** Information shown **
────────────────────

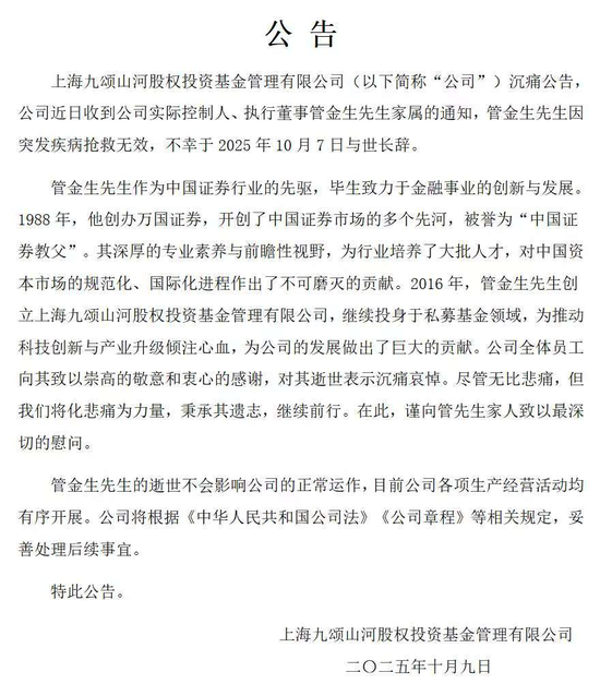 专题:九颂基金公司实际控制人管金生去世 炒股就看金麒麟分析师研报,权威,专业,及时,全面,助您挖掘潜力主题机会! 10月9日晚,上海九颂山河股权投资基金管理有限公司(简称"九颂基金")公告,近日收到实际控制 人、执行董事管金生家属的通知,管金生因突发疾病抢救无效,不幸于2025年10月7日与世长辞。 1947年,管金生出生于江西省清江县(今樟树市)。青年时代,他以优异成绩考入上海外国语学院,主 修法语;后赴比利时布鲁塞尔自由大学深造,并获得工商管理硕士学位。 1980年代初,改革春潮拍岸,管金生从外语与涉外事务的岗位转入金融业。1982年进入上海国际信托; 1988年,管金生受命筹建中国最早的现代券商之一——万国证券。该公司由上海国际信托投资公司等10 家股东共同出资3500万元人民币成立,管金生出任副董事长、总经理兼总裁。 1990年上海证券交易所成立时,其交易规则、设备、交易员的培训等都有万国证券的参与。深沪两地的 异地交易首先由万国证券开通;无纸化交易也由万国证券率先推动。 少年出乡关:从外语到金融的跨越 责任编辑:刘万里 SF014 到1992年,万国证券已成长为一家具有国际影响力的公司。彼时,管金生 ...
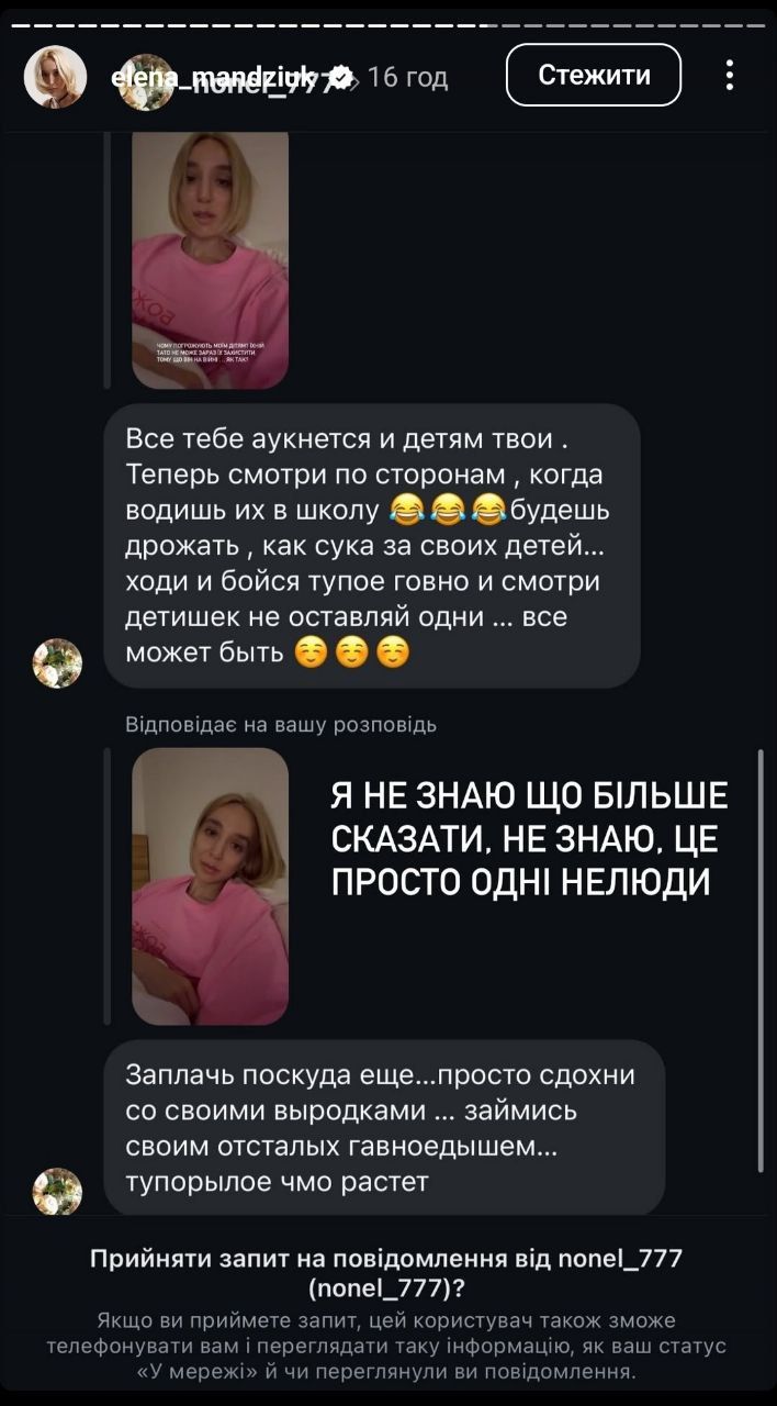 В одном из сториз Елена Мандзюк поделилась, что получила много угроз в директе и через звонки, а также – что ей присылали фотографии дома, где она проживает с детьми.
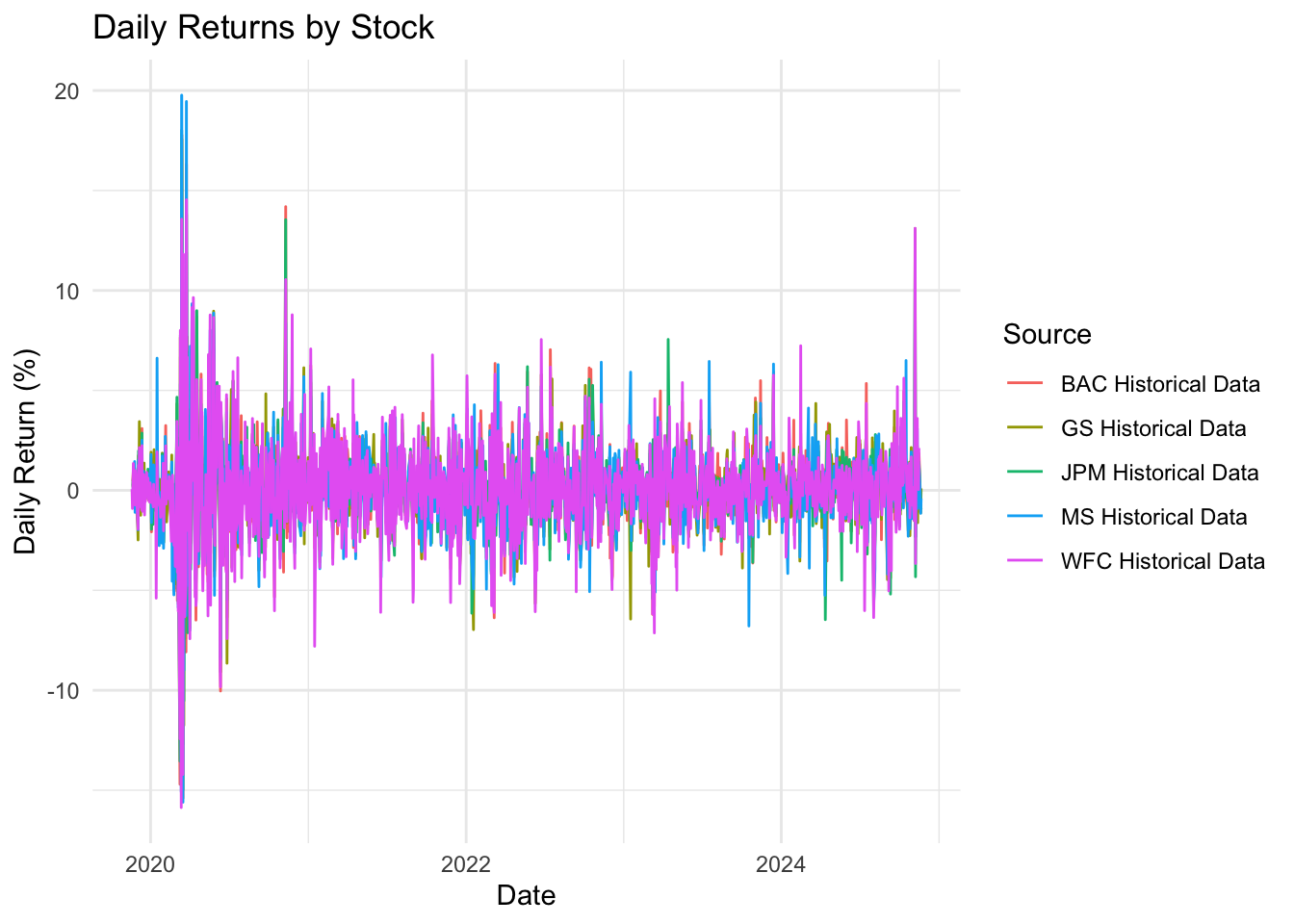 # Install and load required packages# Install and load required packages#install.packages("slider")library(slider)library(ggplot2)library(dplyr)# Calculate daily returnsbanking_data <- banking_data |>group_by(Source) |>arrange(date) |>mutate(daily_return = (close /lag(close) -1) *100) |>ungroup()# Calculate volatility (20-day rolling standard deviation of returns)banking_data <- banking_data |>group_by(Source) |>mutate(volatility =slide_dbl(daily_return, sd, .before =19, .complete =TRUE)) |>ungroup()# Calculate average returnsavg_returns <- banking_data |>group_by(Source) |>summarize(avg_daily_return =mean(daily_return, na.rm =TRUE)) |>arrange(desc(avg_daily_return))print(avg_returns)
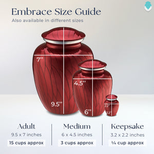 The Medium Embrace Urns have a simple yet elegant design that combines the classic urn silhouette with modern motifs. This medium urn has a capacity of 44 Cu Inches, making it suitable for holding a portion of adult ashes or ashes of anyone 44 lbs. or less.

────────────────────

** Assignment **
Pictures are to be omitted. The lines from the line holding "# Install and load required packages#" through the closing line of the data above are to be set down exactly, and nothing more.

** Worked solution **
 # Install and load required packages# Install and load required packages#install.packages("slider")library(slider)library(ggplot2)library(dplyr)# Calculate daily returnsbanking_data <- banking_data |>group_by(Source) |>arrange(date) |>mutate(daily_return = (close /lag(close) -1) *100) |>ungroup()# Calculate volatility (20-day rolling standard deviation of returns)banking_data <- banking_data |>group_by(Source) |>mutate(volatility =slide_dbl(daily_return, sd, .before =19, .complete =TRUE)) |>ungroup()# Calculate average returnsavg_returns <- banking_data |>group_by(Source) |>summarize(avg_daily_return =mean(daily_return, na.rm =TRUE)) |>arrange(desc(avg_daily_return))print(avg_returns)
 The Medium Embrace Urns have a simple yet elegant design that combines the classic urn silhouette with modern motifs. This medium urn has a capacity of 44 Cu Inches, making it suitable for holding a portion of adult ashes or ashes of anyone 44 lbs. or less.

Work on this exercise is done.